MWC 2024: MediaTek shows off on-device AI image generator that works as fast as you type

The next generation of AI-backed text-to-image generators has arrived, with MediaTek leading the charge. At the ongoing Mobile World Congress (MWC 2024) in Barcelona, Spain, the Taiwan-based semiconductor company showcased an on-device AI image generator capable of generating pictures as fast as you type. The technology was showcased on a prototype smartphone featuring MediaTek’s flagship 4nm-based Dimensity 9300 SoC. The company hopes its future-generation chipsets will enable similar AI capabilities, making the technology available to the masses.

How does MediaTek’s on-device AI image generator work?

If you’re familiar with popular text-to-image generators, the functioning is more or less the same. Tools, including Microsoft Copilot (formerly Bing AI), Mindjourney, Dall-E and Adobe Firefly, let users create elaborate images based on simple text inputs. The images are as good as your instructions, and the generating process generally takes up to a minute or two. Also, there’s no way of knowing how the AI image generator reads inputs until the final output arrives.

On the other hand, MediaTek demonstrated a real-time image generation process. It means you can observe the tool’s output as you type. For example, typing “Spider-Man” immediately prompts the tool to generate corresponding images, giving you a preview of the direction. Furthermore, the final output is generated instantly upon completion of typing.

In other words, you can instantly see whether the tool understands the prompt, whether it’s a person, a place or an object.

How is MediaTek achieving this?

As mentioned, MediaTek showcased the technology on a Dimensity 9300 SoC-powered prototype device. This particular chipset utilises a new Accelerated Processing Unit (APU) architecture to incorporate an upgraded generative AI engine for faster and more reliable processing.

mediatek

MediaTek is also leveraging Stable Diffusion XL Turbo text-to-image generator open source to let users create images through a vast catalogue. The company claims that this is the first implementation of the Stable Diffusion XL Turbo on a mobile device.

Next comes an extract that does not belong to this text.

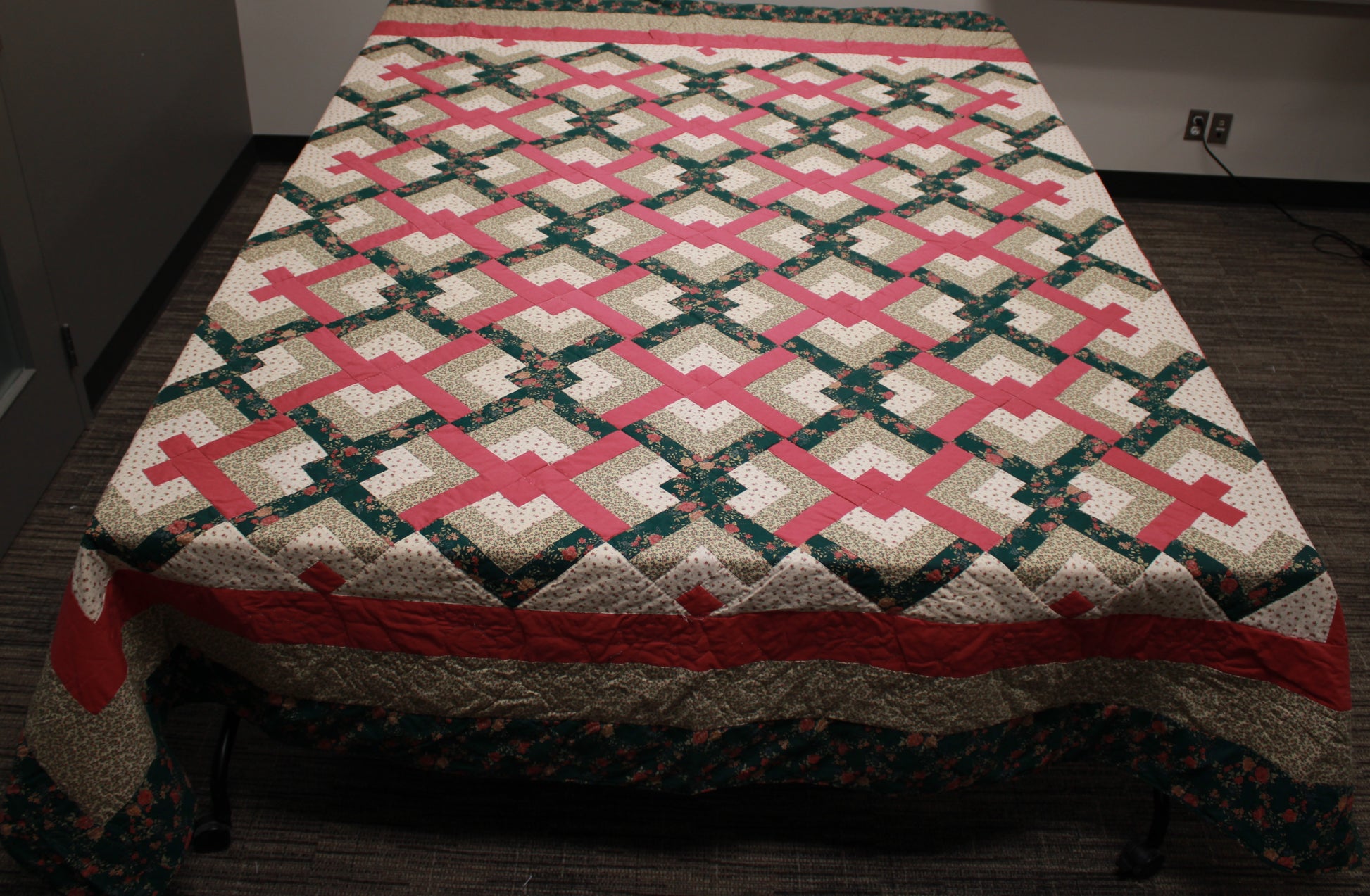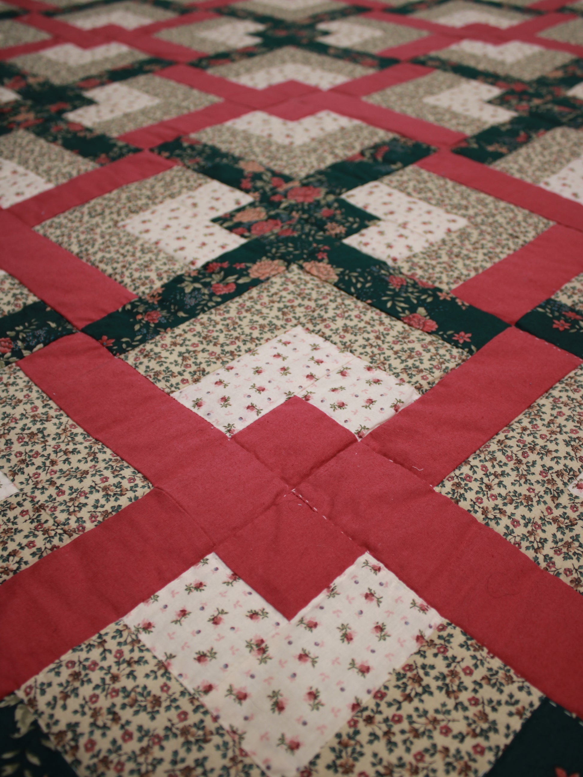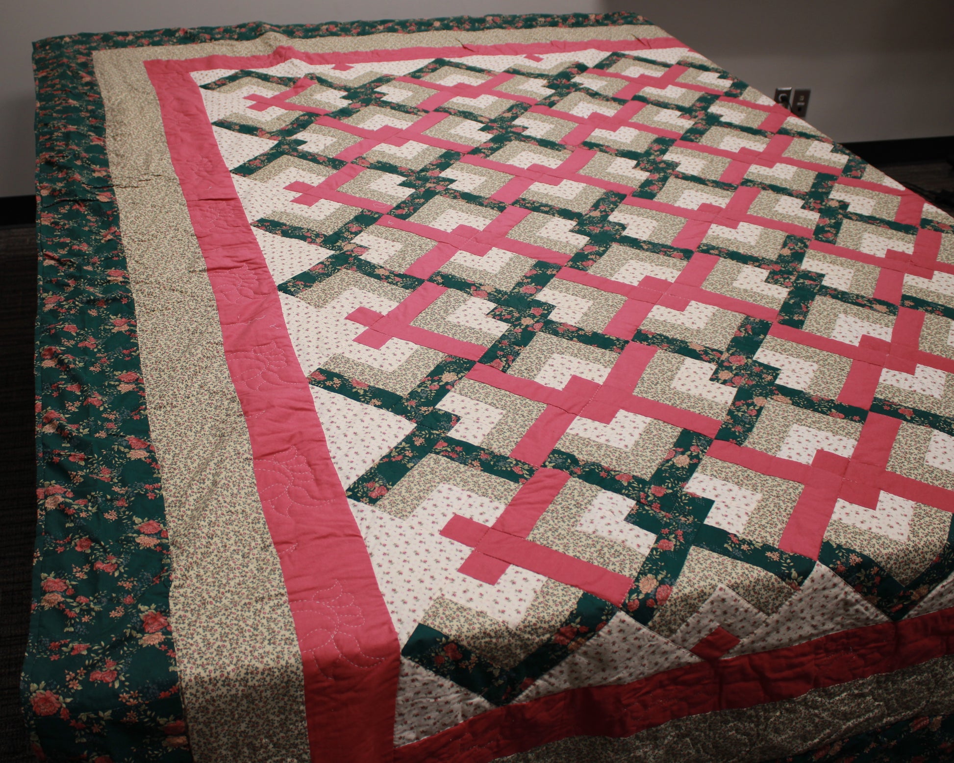 This stunning king-size quilt is a completely handmade masterpiece featuring a traditional "Log Cabin" inspired patchwork design in vibrant pink, forest green, and cream floral patterns. Measuring approximately 300 cm by 276 cm, this expansive piece offers generous coverage for a king-sized bed and adds a touch of rustic elegance to any bedroom. The reverse side is finished in a clean, solid cream fabric, showcasing the detailed hand-stitched quilting patterns that run throughout the entire piece. Please note that a small section of the green floral edging is coming loose as shown in the detail photos, which is a simple fix for any sewing enthusiast.
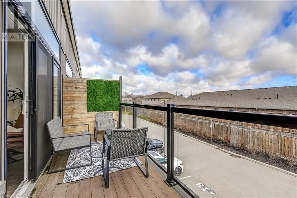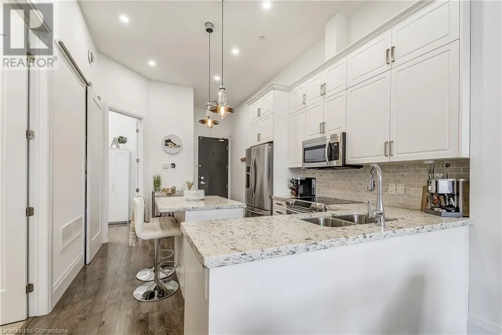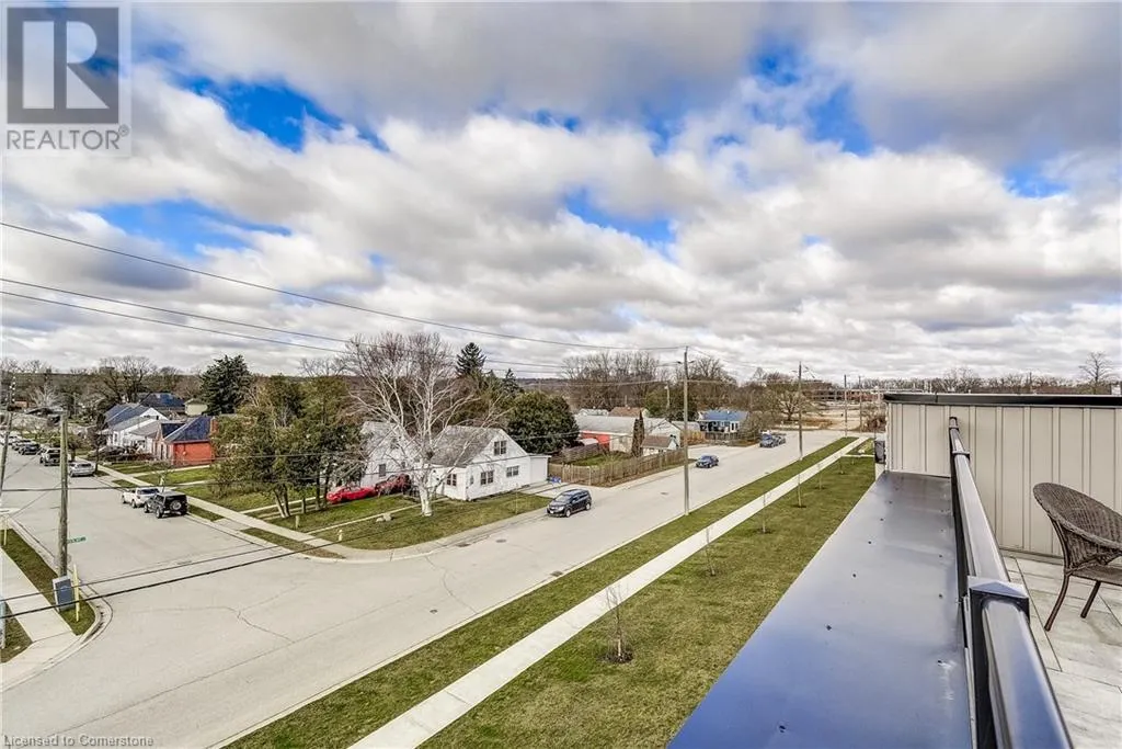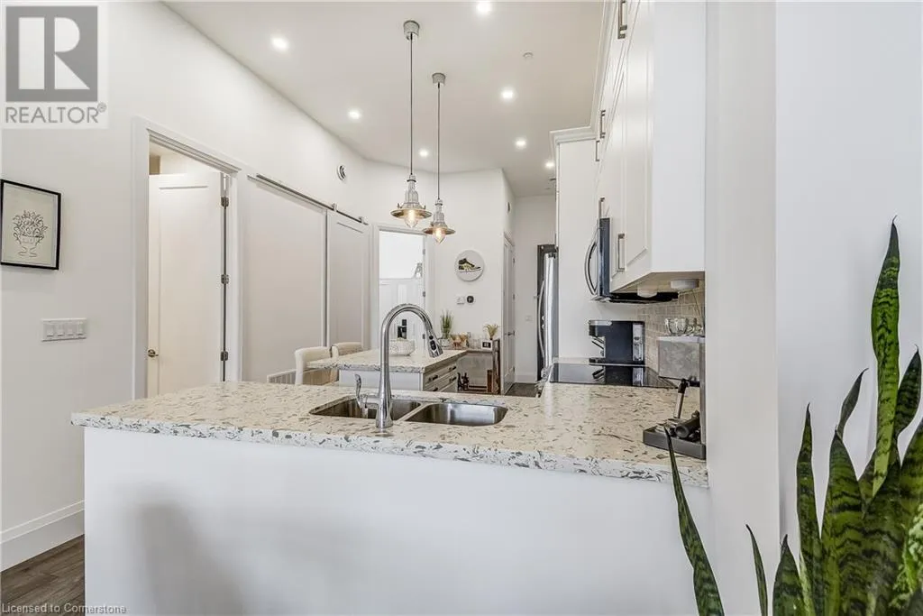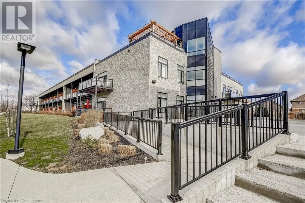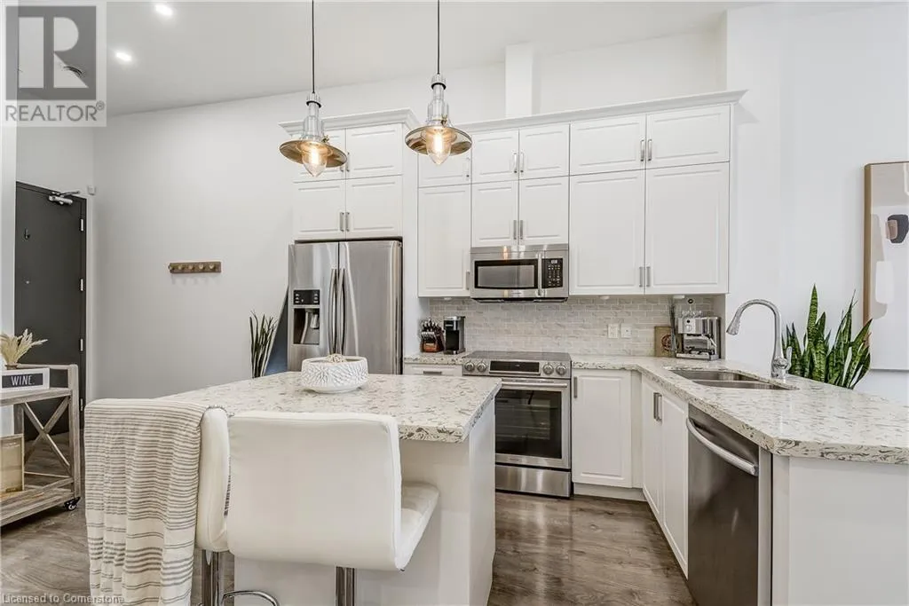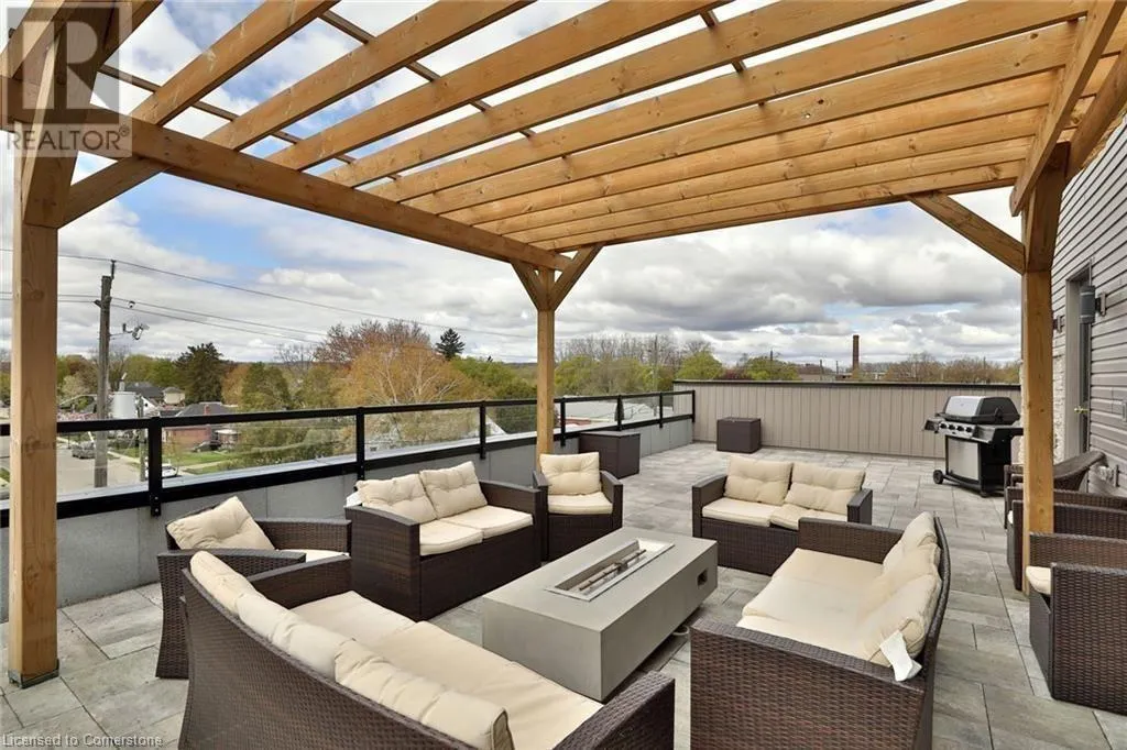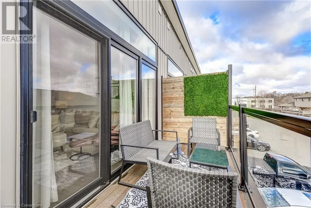 Dufferin to Morrell STUNNING! This is simply the only word one can use to describe this truly magazine worthy condo. Soaring 11 Ft ceilings with elegant 8 foot tall doors, stepping into this home for the first time is nothing short of Breathtaking. Oversized modern windows flood the living space with natural light, while the newly painted Benjamin Moore Chantilly lace paint provides the perfect airy canvas for your interior design. The well laid out kitchen provides lots of quartz countertop for prep space, while the peninsula allows you to work in the kitchen while entertaining and being part of the conversation in the living room. Adding to the grand feel is the double-high premium cabinets with crown moulding providing lots of extra storage. All new light fixtures and potlights were installed throughout in 2021, all of which are on wifi smart light switches. Create beautiful mood lighting and various lighting scenes with a simple voice command. The large primary bedroom has ensuite access to the 4-pc bath and the stackable laundry set hidden behind the sliding door makes for an easy laundry day. A second bedroom with gorgeous skylight and oversized closet provide a lot of versatility to the unit. Outside is a tranquil 19'x5' deck to enjoy morning coffees. Upstairs are two large roof-top terraces with lounges, Fire-table, and BBQ's, as well a games and entertainment room for when entertaining bigger parties. The unit is situated near the highway, The Grand River and many hiking trails. (id:27476)

What does the future look like?

During our test, the MediaTek Dimensity 9300 SoC-powered smartphone generated images with simple text inputs within seconds. The results were equally impressive.

I also tested the tool with text inputs specific to India, and the results were exceptional. Of course, some results were not 100 per cent accurate, but mind you, this was on a prototype device. That means, the future looks brighter and promising, at least for dynamic image generators.

There’s still some time till smartphone OEMs fully leverage Dimensity 9300 SoC’s improved APU to unlock native AI capabilities. The Vivo X100 is the only smartphone in India to feature this Dimensity chipset. However, the smartphone is yet to offer a native text-to-image generator.